Let's start by creating a new D1 database.

# Define the API endpoint for creating a D1 database
API_BASE_URL = f"https://api.cloudflare.com/client/v4/accounts/{ACCOUNT_ID}/d1/database"

# Set up the headers with authorization
headers = {
    "Authorization": f"Bearer {AUTH_TOKEN}",
    "Content-Type": "application/json"
}

# Define the payload with the desired database name
data = {
    "name": "google_play_store_db"
}

# Send a POST request to create the database
response = requests.post(API_BASE_URL, headers=headers, json=data)

# Check the response
print(response.json())

Response Example:

{
    "success": true,
    "errors": [],
    "messages": [],
    "result": {
        "id": "your-d1-db-uuid",
        "name": "google_play_store_db",
        "created_on": "2024-04-27T12:34:56Z"
    }
}

Note: Replace "your-d1-db-uuid" with the actual UUID returned in the response. We'll use this UUID in subsequent API calls.

Creating Tables in D1

With our database created, the next step is to define the schema by creating tables. We'll generate a CREATE TABLE SQL statement based on our DataFrame's structure.

# Function to generate CREATE TABLE SQL query from DataFrame
def create_table_sql(df, table_name):
    """Generates a CREATE TABLE SQL query for a Pandas DataFrame."""
    cols = []
    for column in df.columns:
        dtype = str(df[column].dtype)
        column = re.sub("\s+", "_", column.lower())
        if dtype == "object":
            cols.append(f"  {column} TEXT")
        elif dtype == "int64":
            cols.append(f"  {column} INTEGER")
        elif dtype == "float64":
            cols.append(f"  {column} REAL")
        else:
            cols.append(f"  {column} TEXT")  # Default to TEXT for unknown types
    sql_query = f"CREATE TABLE {table_name} (\n" + ",\n".join(cols) + "\n);"
    return sql_query

# Generate the CREATE TABLE statement
table_name = "google_play_store"
create_table_query = create_table_sql(df, table_name)

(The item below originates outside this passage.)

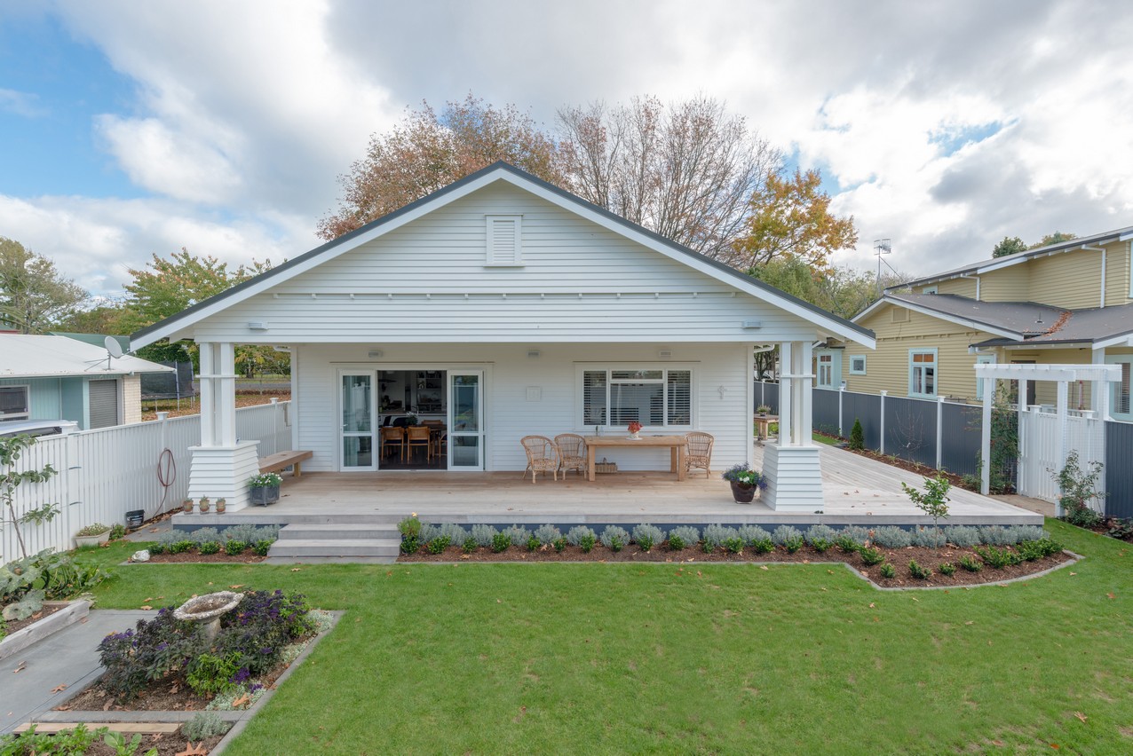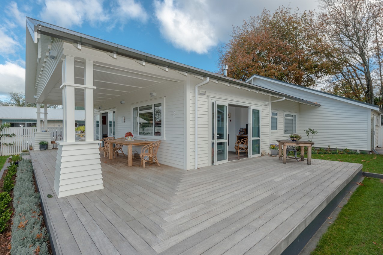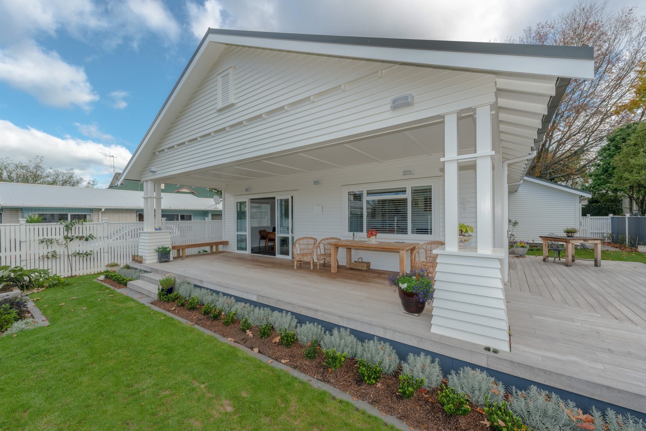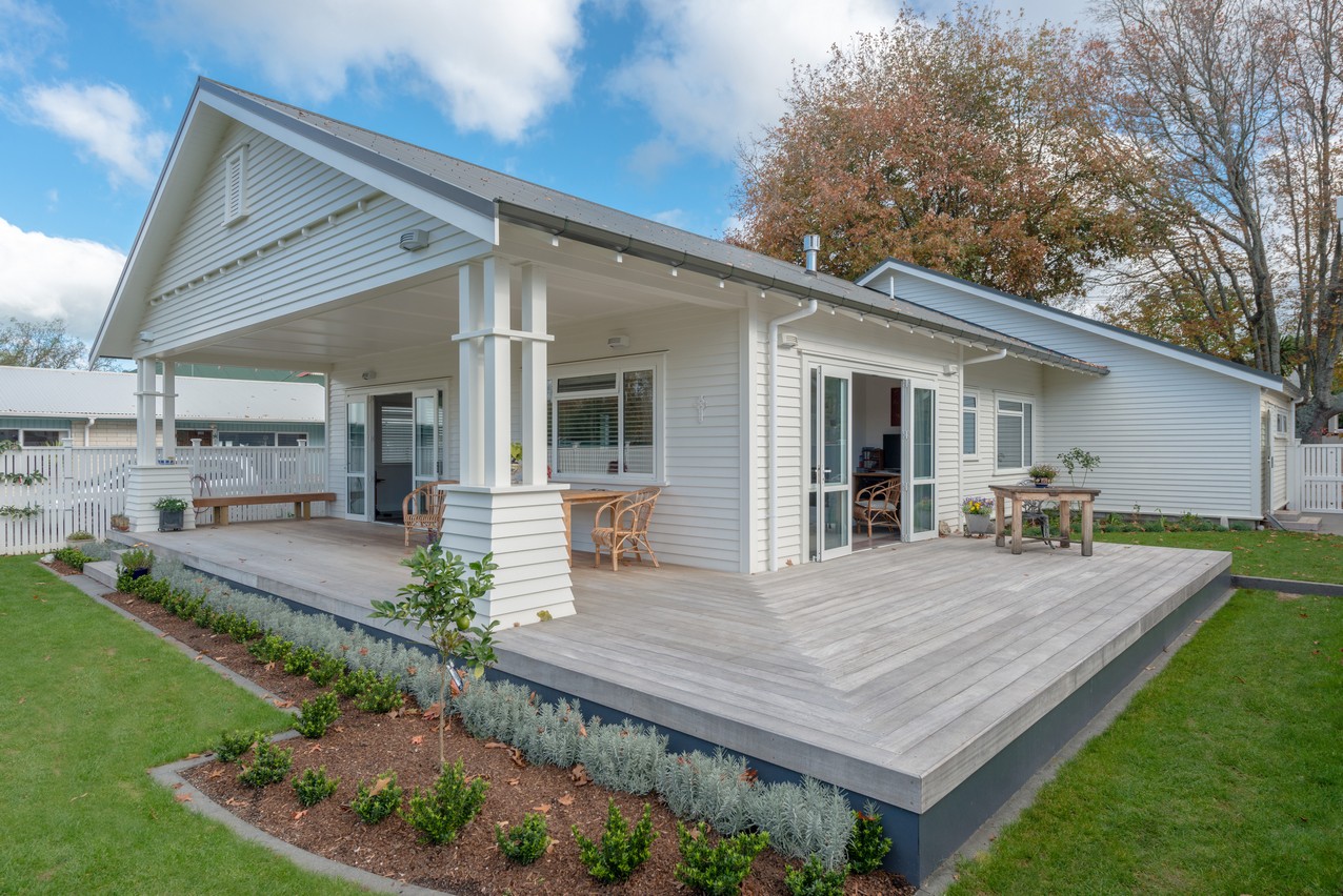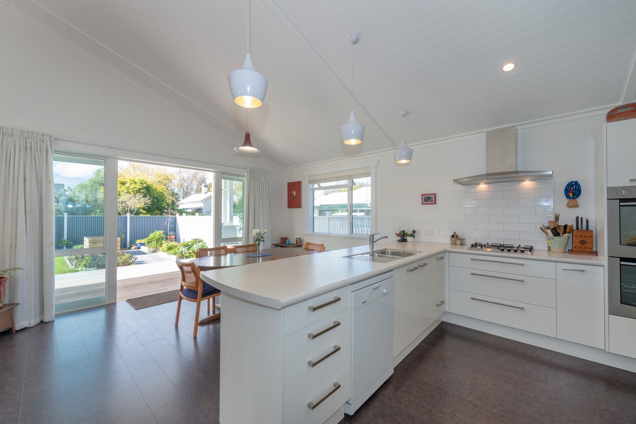 Particular attention has been given to ensure the front porch, soffits, exposed rafters and coverboards are in keeping with neighbouring homes. Cladding, meanwhile, was constructed with a cavity to meet modern-day standards. On entering the three-bedroom home, it’s worth noting the hallway panelling, crafted to maintain equal spacing between the architraves for an authentic heritage look. Windowsills mimic the classic 1930s aesthetic. The doors are solid core with thicker jambs to prevent potential movement; the result is a visually appealing feature. The tongue-and-groove ply and timber battens of the ceiling are also in keeping with the era. Reinforced wing walls in the bathrooms provide a wheelchair-friendly feature; patio doors offer level entry for fluid mobility. Safety features include sensors for low-light conditions. The home is insulated for quiet and warmth.

# Optionally, drop the table if it exists (use with caution)
create_table_query = "DROP TABLE IF EXISTS google_play_store;" + create_table_query
print(create_table_query)

Output:

DROP TABLE IF EXISTS google_play_store;
CREATE TABLE google_play_store (
  app TEXT,
  category TEXT,
  rating REAL,
  reviews TEXT,
  size TEXT,
  installs TEXT,
  type TEXT,
  price TEXT,
  contentrating TEXT,
  genres TEXT,
  lastupdated TEXT,
  currentver TEXT,
  androidver TEXT,
  id INTEGER
);

Now, let's execute this SQL statement using the D1 API.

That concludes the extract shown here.